Hey everyone,
I'm facing some challenges with my EKS cluster setup, particularly with the custom ENIConfig. I've set up my VPC with several subnets, but I'm not sure if I'm missing something in the configuration. Here are the subnets I've got:
- **ca-central-1b**: 10.57.230.224/27, subnet-0c4a88a8f1b26bc60
- **ca-central-1a**: 10.57.230.128/27, subnet-0976d07c3c116c470
- **ca-central-1a**: 100.64.0.0/16, subnet-09957660df6e30540
- **ca-central-1a**: 10.57.230.192/27, subnet-0b74d2ecceca8e440
- **ca-central-1b**: 10.57.230.160/27, subnet-021e1b90f8323b00
All CIDRs are already associated, and since I don't have control over the networking aspect, I'll have to build the EKS cluster with these available subnets. I selected the private subnets (10.57.230.128/27 and 10.57.230.160/27) during creation and used the recommended IAM policies, ensuring I'm using the default add-ons.
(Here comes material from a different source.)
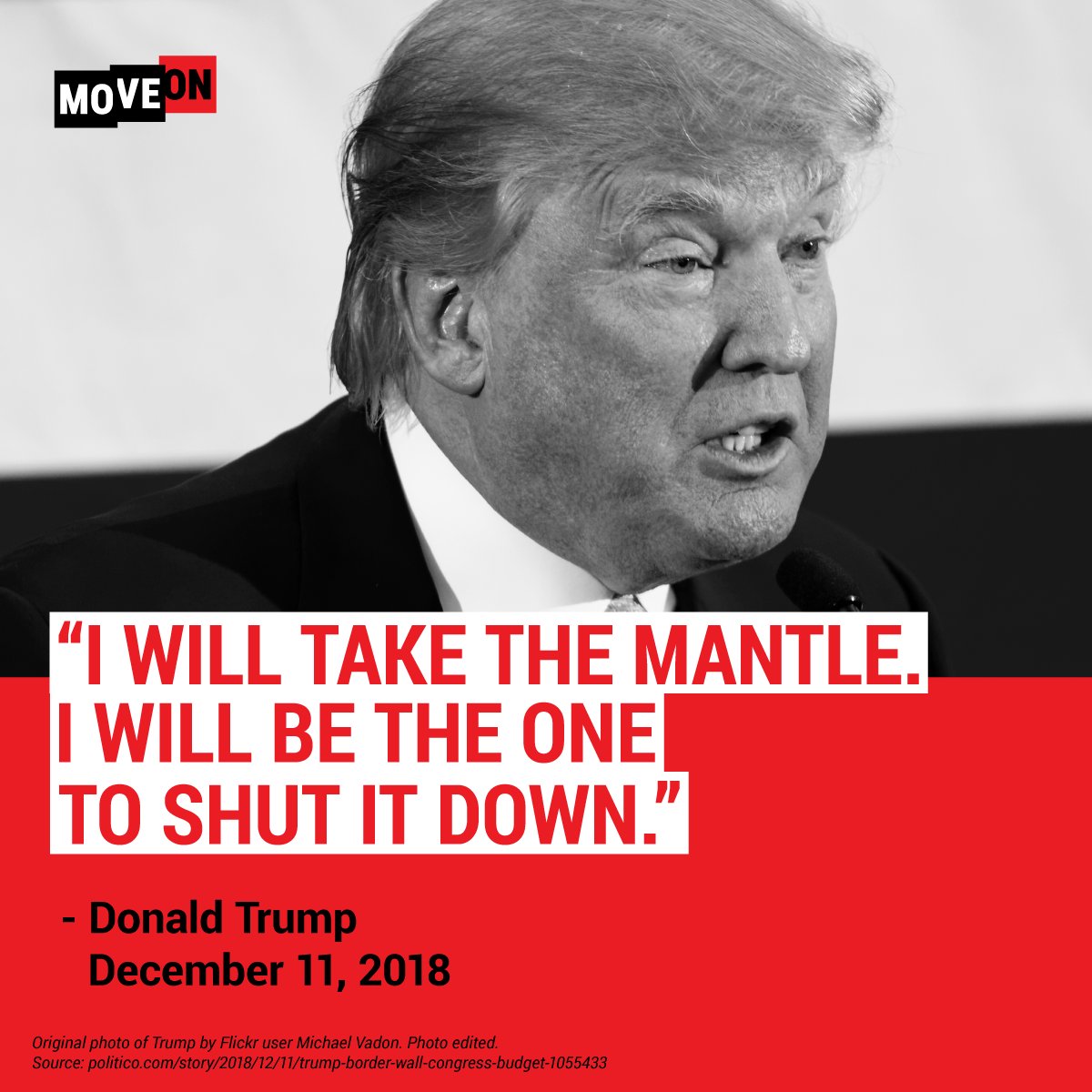 Who caused the government shutdown over a racist & wasteful border wall that Americans don't want? This guy. It's all this guy.pic.twitter.com/BdGIE9sxoL

Once I provisioned the EKS cluster, I followed the instructions in the AWS documentation to enable custom ENIConfig. Given I only have one CIDR block for 100.64.0.0/16 in AZ ca-central-1a, I believe my worker nodes will only deploy in that zone to utilize the secondary ENI for pod networking.
After enabling custom networking and setting up the ENIConfig, I tried creating a node group using just the ca-central-1a subnet, including relevant IAM policies. However, when I create the nodegroup, it gets stuck in the creating state and eventually fails, stating that the nodes cannot join the cluster. I can't extract more info from the web console, but I'm starting to wonder if I need to divide my 100.64.0.0/16 block into two CIDRs across both AZs.
Has anyone here run into similar issues? I'm open to any suggestions or fixes! Thanks!
3 Answers
Did you enable custom networking before or after creating the nodes? If it was after, a full rollout of the nodes is necessary, as mentioned in the docs. Also, check the kubelet logs on the nodes for more detailed error messages; they can provide useful insights.
Keep in mind that a /27 CIDR only allows for a limited number of pods. If you're working with a range of /27, you'll be limited to about 28 pods. Just make sure you’re not exceeding that with your settings, or it could cause issues.
No worries there! I plan to use 100.64.0.0/16 for the pod networking with the custom ENIConfig.
First off, double-check your security groups. If the nodes aren't able to communicate properly, that could definitely be the reason they can't join the cluster. Ensure that your cluster can communicate with the security groups attached to your nodes.
I think the security groups are fine since the original nodegroup joined the cluster without issues. After enabling the custom ENIConfig, though, the existing nodes went 'NotReady', and the new group couldn't create.
I created the worker node group after setting up the custom ENI. But I’ll look into the kubelet logs as you suggested!